La grande réforme de l’enseignement risque donc dans ce domaine d’aboutir simplement à la suppression même du terme « histoire des arts » pour le remplacer par « histoire culturelle, artistique et scientifique » où l’histoire de l’art serait encore davantage marginalisée qu’elle ne l’est aujourd’hui, et pour laquelle il n’y aurait définitivement plus besoin d’historiens de l’art [2].
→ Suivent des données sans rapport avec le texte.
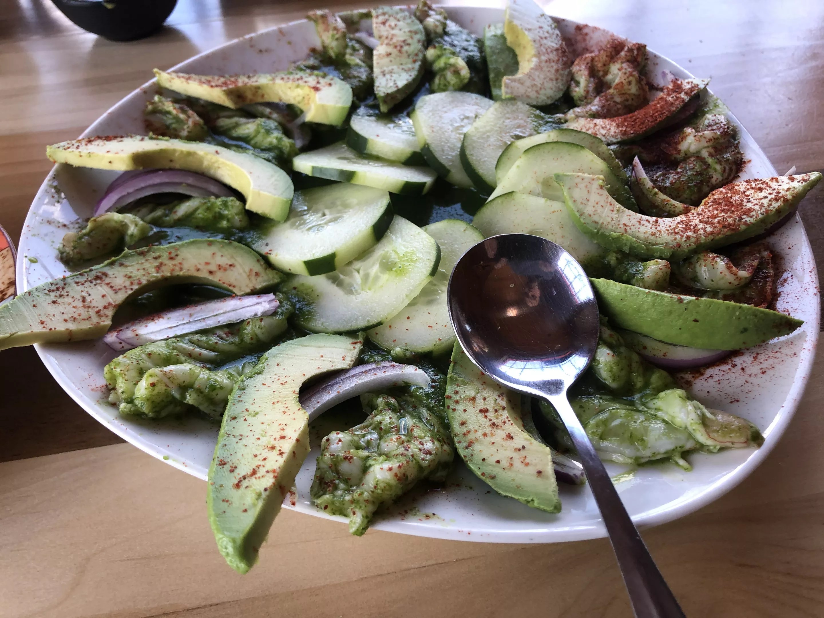Lime is heavily and nicely used in this aguachile. It appears almost like black pepper, tingling in the bright, fruity slipstream left by chiltepin. When the sun is raying and the canopies are fluttering and your shrimp is gone, it doesn’t matter who is or isn’t looking: Drink that thin, fiery marine broth!

Alors que la refondation annoncée aurait été le cadre idéal pour enfin obtenir cette reconnaissance réelle de l’histoire de l’art dans les programmes grâce au recrutement d’enseignants spécialisés, comme le préconisait le livre blanc de l’APAHAU, comme le demandait une lettre ouverte parue dans Libération le 12 juillet dernier, et, surtout, comme l’avait promis François Hollande, le risque est grand, désormais, de faire marche arrière. D’autant qu’il n’y aura sûrement pas de sitôt une autre loi de refondation de l’école.
Ce ne sera pas la première promesse du président de la République à ne pas être tenue (voir ici et ici). Ce discours du 19 janvier 2012 restera décidément dans les annales comme un exemple remarquable de mensonge politique et électoral.

Didier Rykner

Notes

[1Ce qu’a confirmé d’ailleurs Vincent Peillon lors de sa conférence de presse de rentrée le 29 août en déclarant « je n’ai pas de réflexion particulière [sur l’enseignement de l’histoire de l’art] à soumettre pour l’instant » (signalé par Le Quotidien de l’art du jeudi 30 aout 2012).

[2Nous avions déjà dénoncé plusieurs fois ici cette dénomination « histoire des arts » dont l’objectif en réalité était de noyer l’histoire de l’art au milieu d’autres matières. Il est aujourd’hui d’autant plus facile de remplacer le concept flou d’« histoire des arts » par celui non moins vague d’« histoire culturelle ».